Geburt der Venus, 1996, Ölpastell auf Pappe 
Geburt der Venus, 1996, Ölpastell auf Pappe 

Über das Verhältnis von Menschenverachtung und sexuellem Missbrauch

Sexuelle Leidenschaft bedeutet den Tod der Liebe.

Jede rein körperliche Liebe kann in Hass umschlagen, ja ist dem Hass sehr verwandt, wenn sie nicht in tiefer Wesensliebe und vollständiger Akzeptanz der Person gründet.

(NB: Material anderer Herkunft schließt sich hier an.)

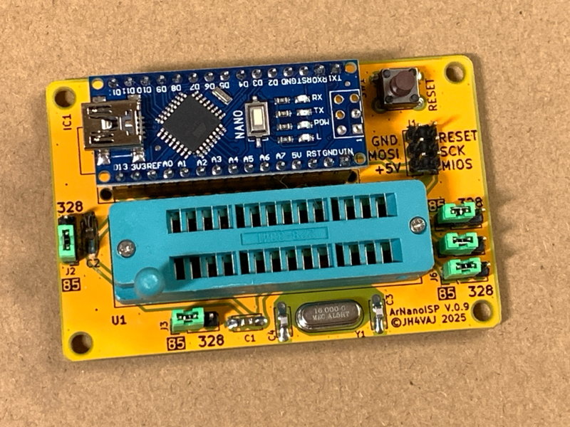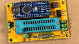 Arduino IDEのスケッチ例として入っているArduinoISPを使うとArduino UNOやNanoを書込みツールにすることができますが、毎回ジャンパ線で配線するのが面倒です。そこで、Arduino NanoとZIFソケットを一つの基板上に載せて、予め必要な配線を行った専用プリント基板を作りました。ATmega328PとATtiny85ならこれで書き込みできます。また、ISPピンヘッダも付けていますので、これを使って別の基板への書き込みもできます(Arduino UNOやNanoへのブートローダの書込みなど)。

Denn es kommt bei der körperlichen Liebe auf jeden Fall der Genuss der eigenen leiblichen Selbstheit mit ins Spiel. Wo aber ein ganz auf das Ego zentrierter Leibesgenuss in eine Paarbeziehung mit eingeht, besteht die Gefahr der Kränkung. Und Kränkung geschieht dort, wo die Gebärden der Liebe um der Eitelkeit willen missbraucht werden. Der Normalzustand in unserer ganzen Gesellschaft ist der der Eitelkeit. Und die Augenblicke tief empfundener Liebe sind leider die Ausnahme. Häufig macht man sich etwas vor, indem man in einem übersteigerten leiblichen Ausdruck seine Liebe und Zuneigung beweisen will. Einer sogenannten „heißen Liebe“ steht also immer der Hass an der Seite. Wahre Liebe ist sanft und schonend, sie begehrt nichts für sich selbst, sondern kommt aus der Fülle des Seins. Sie besteht im wechselseitigen Erkennen und Beschenken. Das, was unsere Gesellschaft heute Liebe heißt, ist Leidenschaft, und Leidenschaft schafft Leiden, Kränkung und Unglück. Sie schafft auch Veräußerlichung, Leugnung und Missachtung des inneren Menschen und der Menschlichkeit schlechthin. Denn Sexualität ist etwas ganz Intimes, das beim Menschen mit dem Zusammenwirken von Leib und Geistseele in enger Verbindung steht. Daher sollte Sexualität in einer Paarbeziehung immer in die tiefe Wesensliebe zweier Menschen eingebettet sein. In ihr sollen zwei Menschen gleichsam zu einem Leib werden. Eine Gesellschaft des achtzehnten und neunzehnten Jahrhunderts hat die sogenannte „Notzucht“, die in den islamischen Staaten zumindest einer gesetzlichen Regelung durch „zeitlich befristete Ehen“ unterliegt, in ihrem unausgesprochenen Moralkodex heuchlerisch über die harmlose zeitweilige Selbstbefriedigung zum biologischen Ausgleich erhoben und somit die Verhältnisse zwecks Rechtfertigung von Promiskuität, Ehebrüchen sowie von Vergewaltigungen innerhalb der Ehe auf den Kopf gestellt. Die Früchte dieser Tendenz in Form von Reaktanz unter dem Deckmantel sexueller Selbstbefreiung kann heute selbst der Blinde sehen. Niemand nenne es Tragik und unausweichliches Schicksal.